A caveira ou formas de dizer adeus!


Adamastor tivera pesadelos durante seu sono inteiro. Mas nenhum deles era mais pavoroso quanto à realidade daquela manhã de outono. Para iniciar, seus olhos não existiam, e por mais ridículo que fossem aqueles glóbulos redondos encravados em sua face, sentiu saudades. Por algum motivo alheio ao seu conhecimento, suas carnes, seus músculos, suas vísceras... não existiam mais... 

Acordou apenas ossos e espírito. Um grudado ao outro, como as raízes grudam-se à terra fofa em busca de alimento e sobrevivência. A primeira intenção foi gritar. Ele até tentou, mas não havia mais cordas vocais para ecoar seu medo. Percebeu o fato ao ouvir o ranger de ossos, sem os líquidos corporais para lubrificá-los. Sentia-se estranho, de alguma forma, pesado, e ao mesmo tempo leve, sem o peso habitual da massa que cobria seus ossos. Tentou gritar ao ver suas mãos, apenas em ossos...
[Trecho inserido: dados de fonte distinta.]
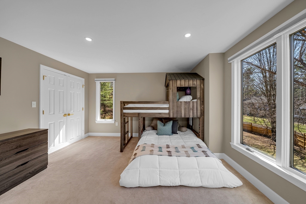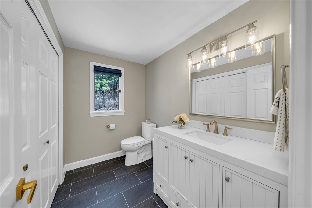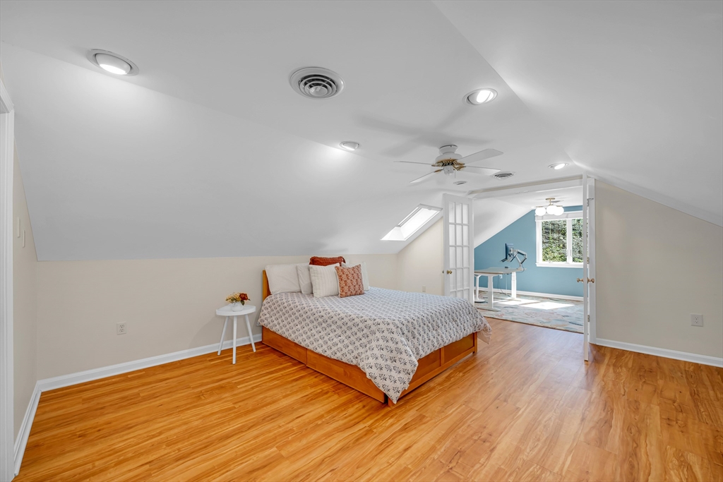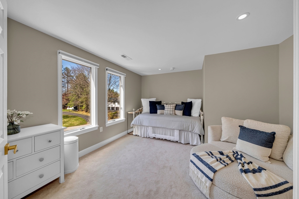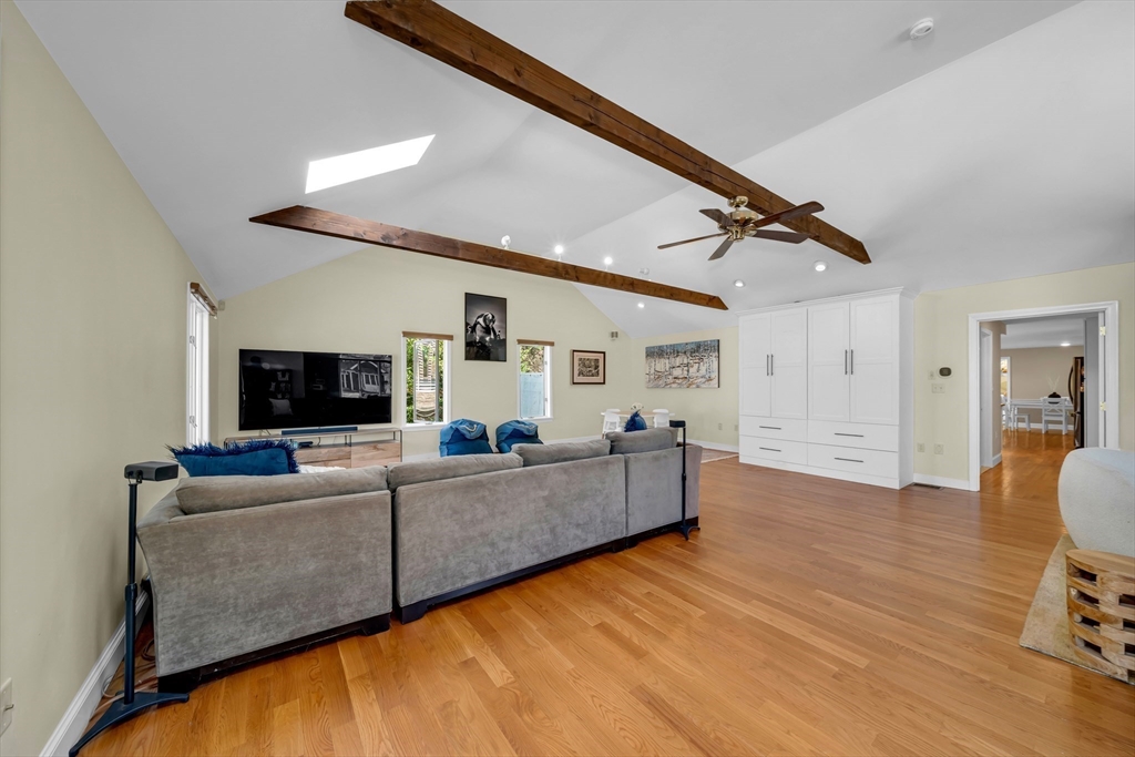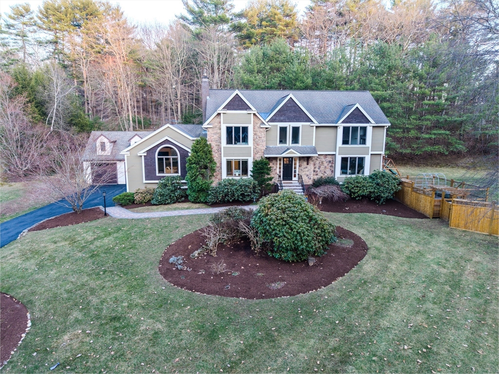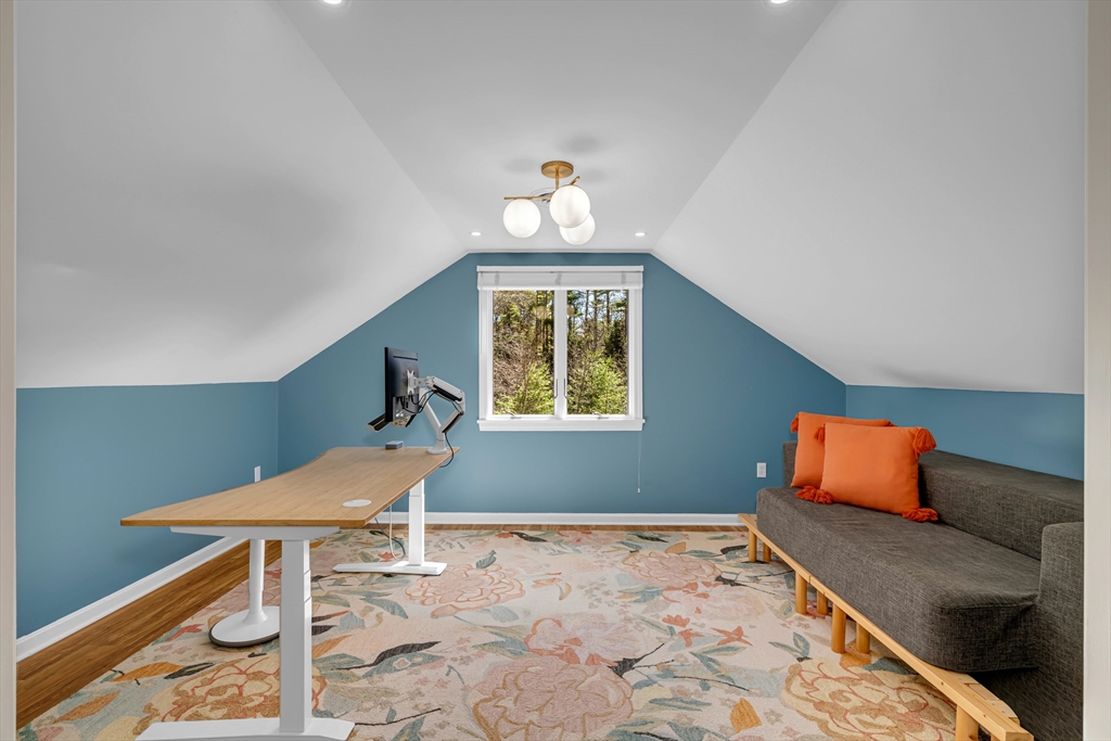Extensively renovated 5-bed contemporary on a private acre in Andover with a residential elevator, owned solar array, and walk-out in-law or au pair suite, a rare combination at any price point. Set on a quiet cul-de-sac near Foster’s Pond. Vaulted beamed ceilings, skylights, stone fireplace with custom built-ins, and walls of windows define the great room. Updated kitchen with induction range and island opens to patio and gazebo. Sunroom, dining room, and den complete the main level. Four bedrooms upstairs include a primary suite with spa bath and soaking tub, one en-suite, and two sharing a full bath. Third floor adds a home office and guest room. Lower level includes in-law or au pair suite with kitchenette, bedroom, bath, private walk-out, plus mudroom and exercise area. Features include cedar privacy fence, fenced garden with raised beds, 3-car attached garage with EV charger and epoxy floors, detached 2-car garage, and owned 41-panel solar array transferring at no cost.

Tentou pedir ajuda. Mas ninguém o ouvia. Isabel devia estar na cozinha preparando o café das crianças. Pensou em ir até ela. Mas como explicar sua nova forma. Um esqueleto vivo. Apenas ossos. A face firme e charmosa que encantara sua esposa deixara de existir. “Ela não entenderia”. Pensou ele, com lamentação. Além disso, poderia ser temeroso uma aparição abrupta, sem que sua mulher estivesse preparada para tal.
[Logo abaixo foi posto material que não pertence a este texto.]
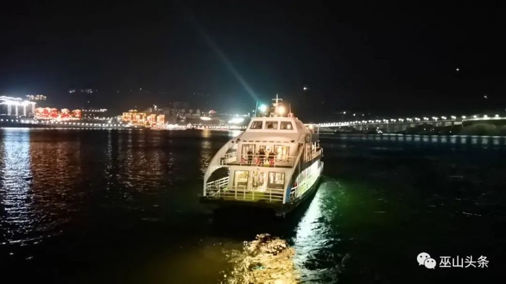 11月24日晚上19时,巫山两江四岸璀璨夺目。随着巫山旅游码头的鸣笛声响起,“三峡里”号游船缓缓动身,投入夜色如画的长江,大型长江情境夜游《三峡之光》预演开始启程。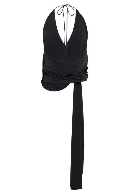 Tyla Draped Slinky Halter Top - Black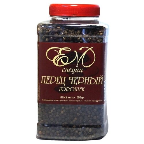 Перец черный "горошек" ЕМ специи, пл/бан. 500 гр.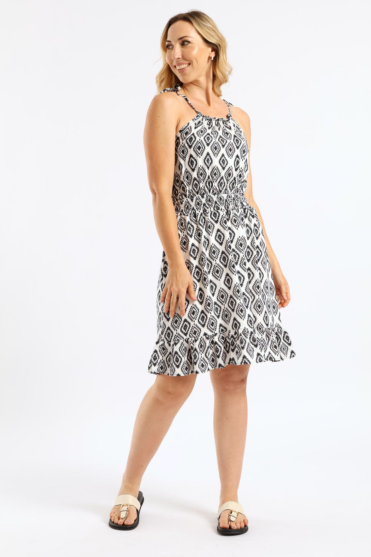 Strappy Shirred Waist Printed Mini Dress - White/Black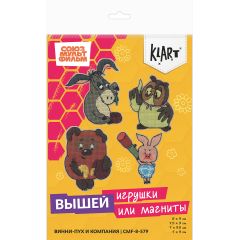Эксклюзивная серия наборов по лицензии "Союзмультфильм". Набор предполагает вышивание 4 персонажей в виде магнитов или подвесок. В набор для вышивания Klart входит: пластиковая канва Gamma, хлопчатобумажные нитки мулине Gamma на держателе, игла для вышивания Gamma, фетр, атласные ленты, магнит...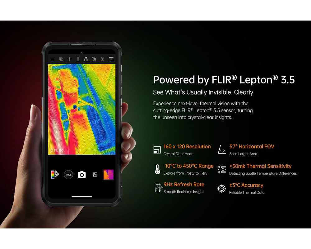 Το Xever 7 Pro ενσωματώνει αισθητήρα θερμικής εικόνας FLIR που σας επιτρέπει να ανιχνεύετε με θερμική εικόνα, θερμοκρασίες από -10 °C έως 450 °C.

Sentou-se à cabeceira. Precisava de um tempo para pensar no ocorrido. Não havia muito, pois sabia que Isabel não demoraria na cozinha. Devia ter não mais que dez ou quinze minutos. A primeira questão era saber para onde teria ido sua massa corporal? Quem ou o quê seria capaz de tal façanha? E como Isabel não percebera, ao acordar, que ao invés do rosto com o qual passara uma década, jazia apenas uma caveira? Ou então, talvez tudo tivesse ocorrido após o despertar de sua companheira?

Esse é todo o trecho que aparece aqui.